= ABOUT THIS TASK =
Would you give the listing back word for word once its pictures are removed?
──────── RAW DATA ────────
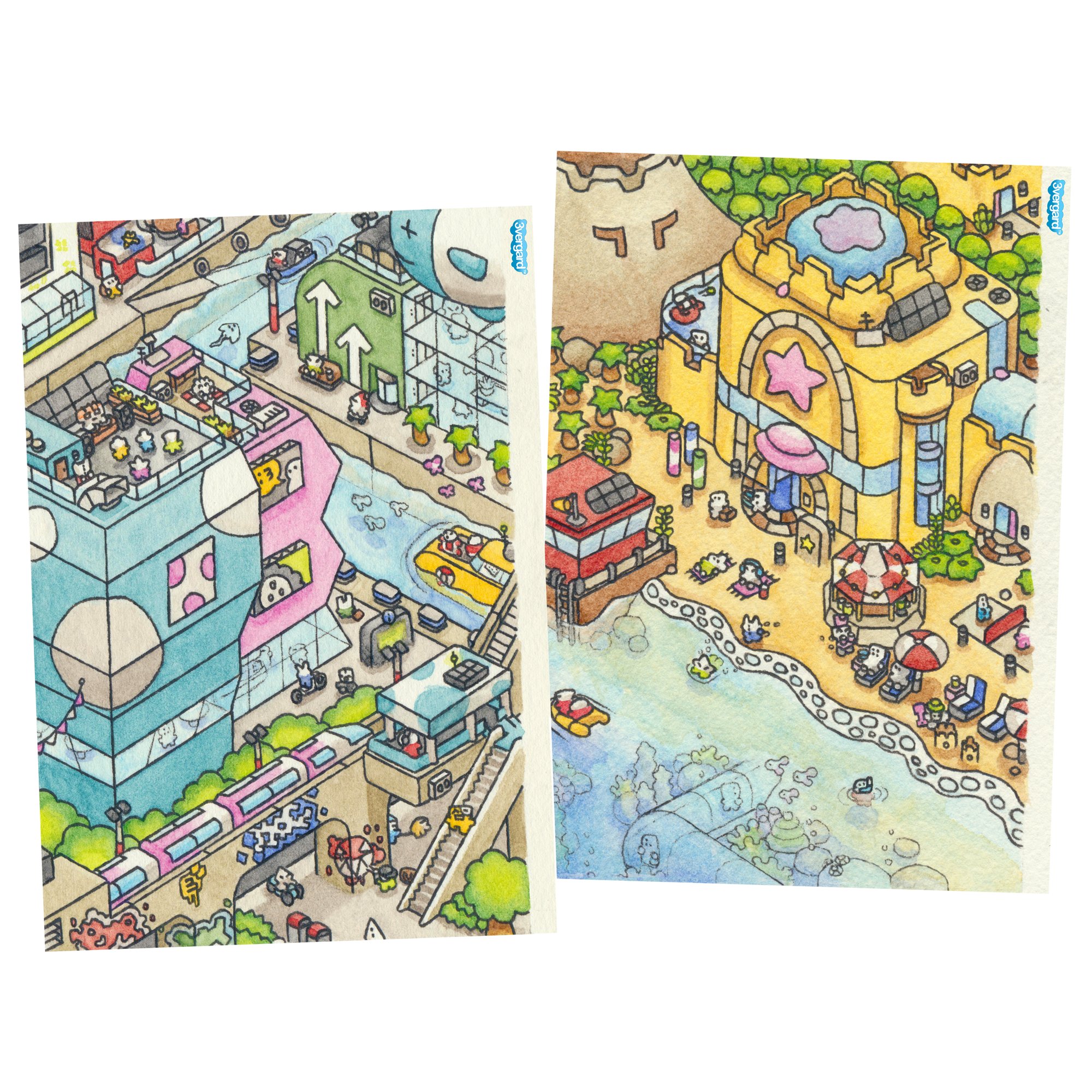 isoWorld I & II -- Original watercolour artworks :3
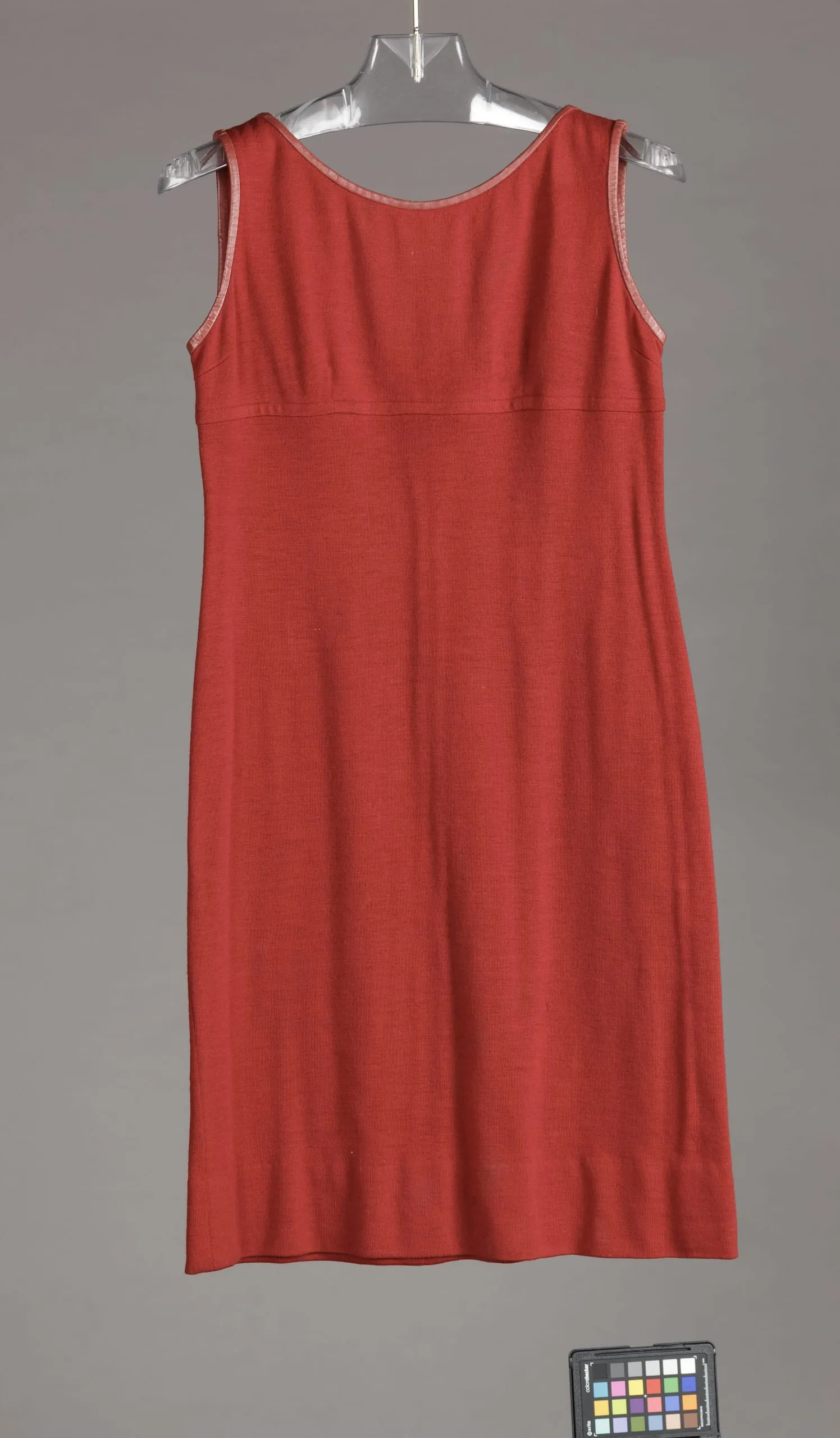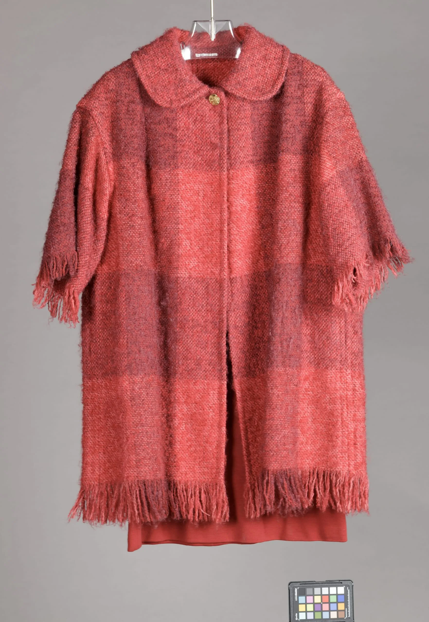 - Coat: wool/mohair twill (boucle); Dress: wool knit (jersey), leather
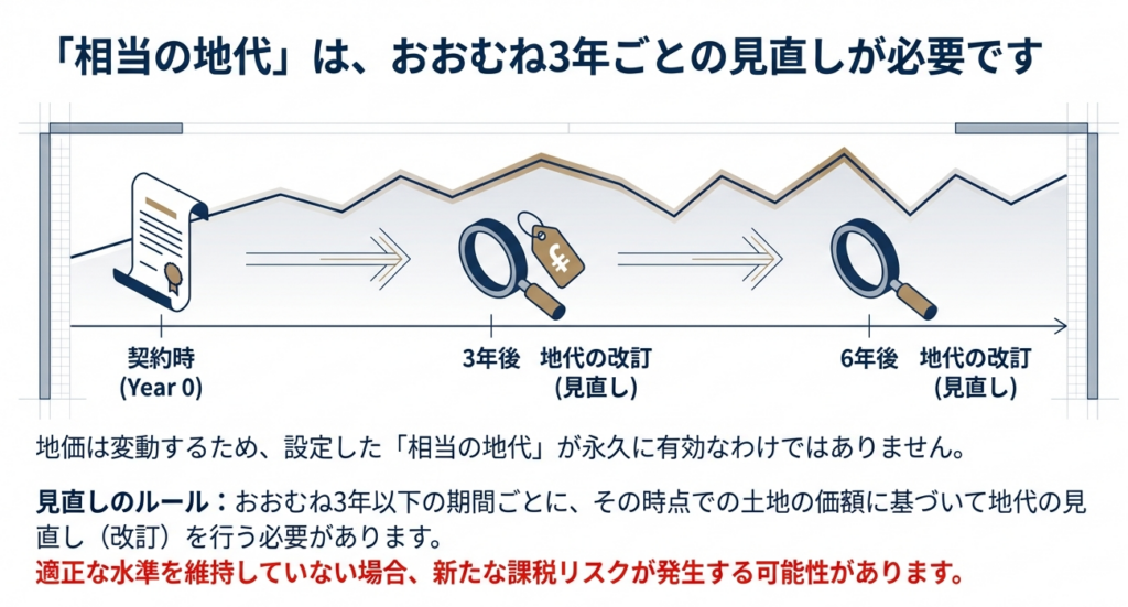 「相当の地代」は、土地の価額の変動などを反映させるため、おおむね3年以下の期間ごとに見直しを行う必要があります。
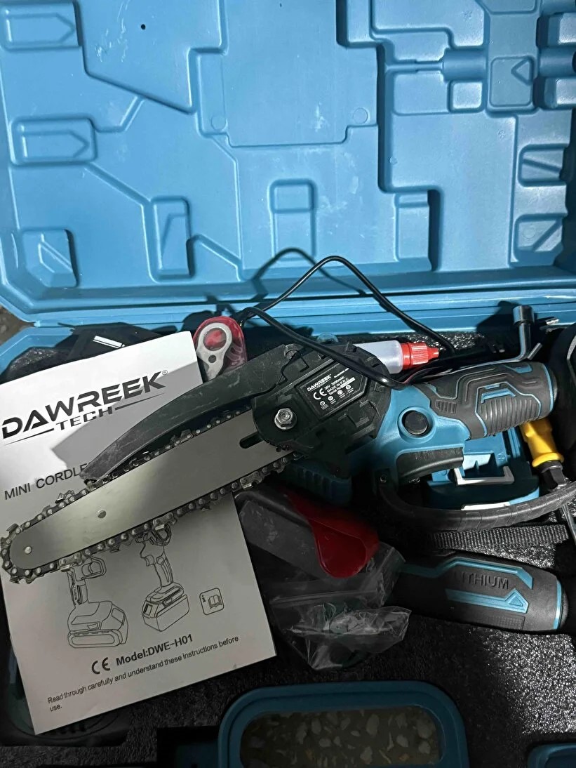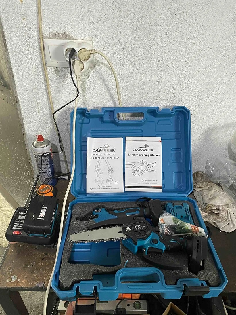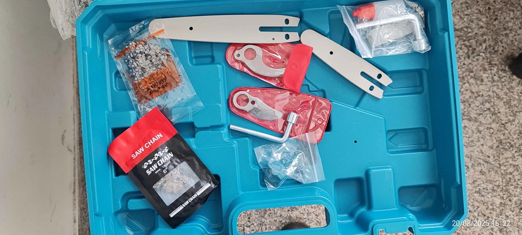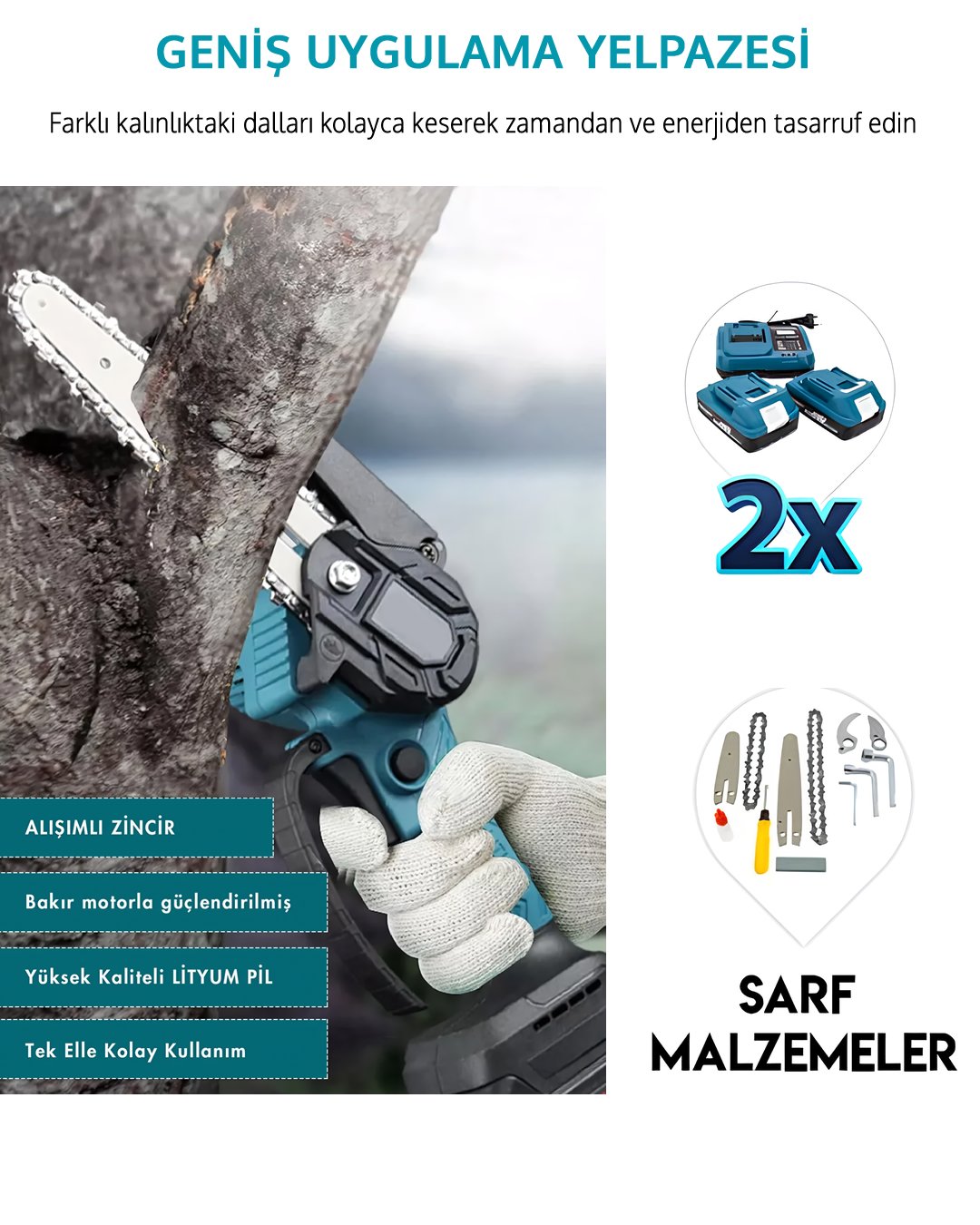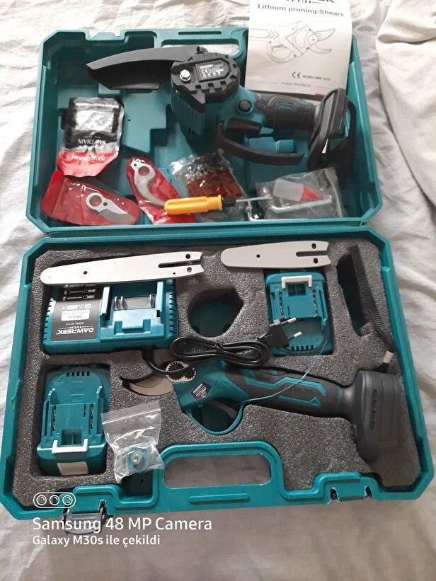 Aksesuarlar: 1 adet plastik kutu, 1 adet budama testeresi , 1 adet budama makası, 1 adet şarj cihazı, 2 adet Li-ion Batarya , 2 adet zincir , 2 adet pala, Ek Parçalar
────────
= TASK RESULT =
 isoWorld I & II -- Original watercolour artworks :3
 - Coat: wool/mohair twill (boucle); Dress: wool knit (jersey), leather
 「相当の地代」は、土地の価額の変動などを反映させるため、おおむね3年以下の期間ごとに見直しを行う必要があります。
 Aksesuarlar: 1 adet plastik kutu, 1 adet budama testeresi , 1 adet budama makası, 1 adet şarj cihazı, 2 adet Li-ion Batarya , 2 adet zincir , 2 adet pala, Ek Parçalar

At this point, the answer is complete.